▸ **WORK INSTRUCTIONS**
With pictures omitted, restate the data word for word.
[[ DATA BELOW open ]]
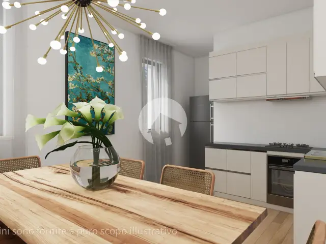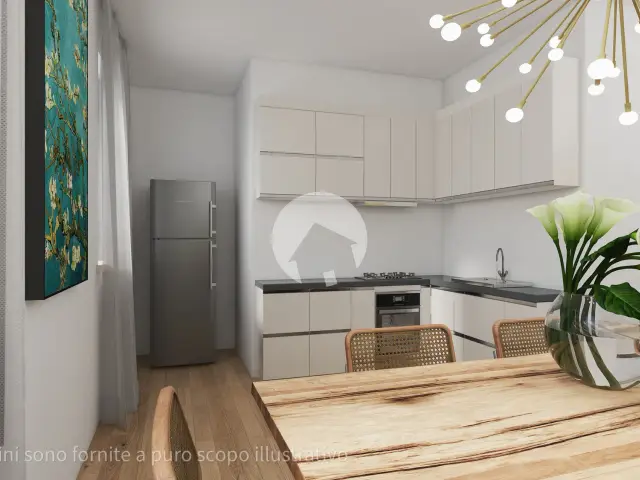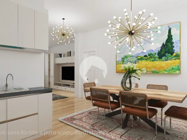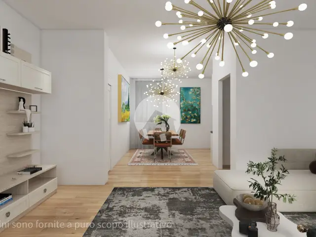 Composto da ingresso, soggiorno con cucina a vista (o con possibilità di renderla separata), tre camere da letto, e due bagni.
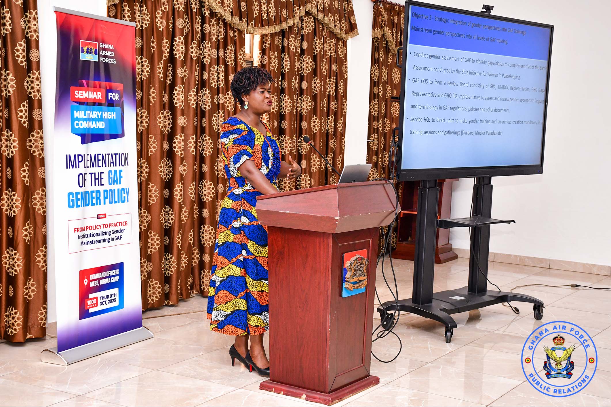 A high-level seminar on the implementation of the Ghana Armed Forces Gender Policy was held at Burma Camp on Thursday, 9 October 2025. Centred on the theme, ‘From Policy to Practice’, the event aimed to institutionalise gender mainstreaming in the Ghana Armed Forces.
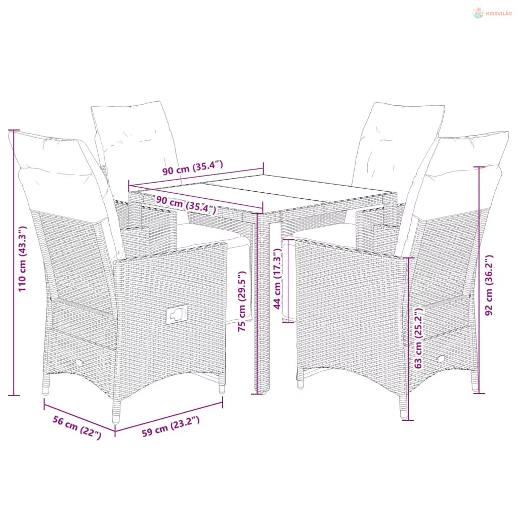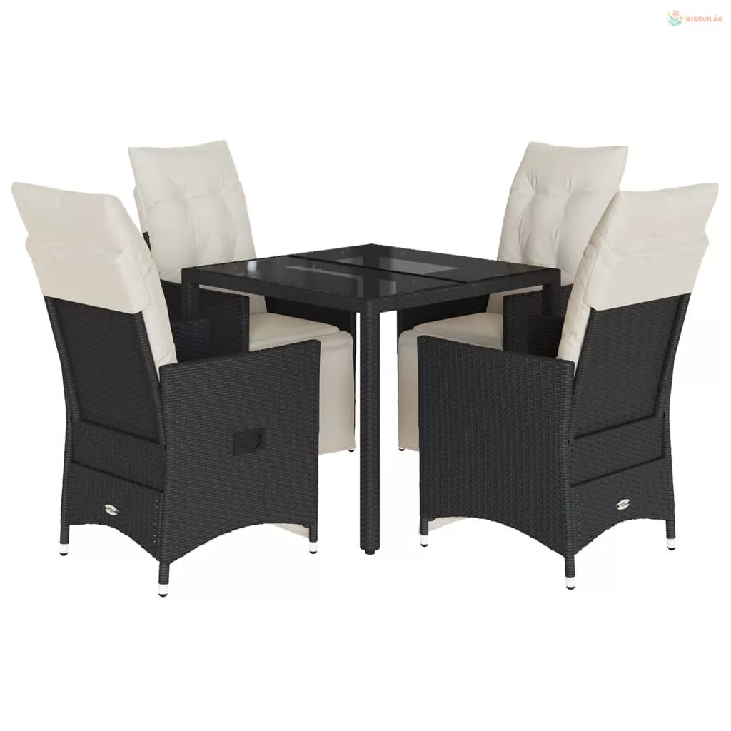 5 részes fekete polyrattan kerti étkezőgarnitúra párnákkal
[[ DATA BELOW closed ]]
▸ **WRITTEN SOLUTION**
 Composto da ingresso, soggiorno con cucina a vista (o con possibilità di renderla separata), tre camere da letto, e due bagni.
 A high-level seminar on the implementation of the Ghana Armed Forces Gender Policy was held at Burma Camp on Thursday, 9 October 2025. Centred on the theme, ‘From Policy to Practice’, the event aimed to institutionalise gender mainstreaming in the Ghana Armed Forces.
 5 részes fekete polyrattan kerti étkezőgarnitúra párnákkal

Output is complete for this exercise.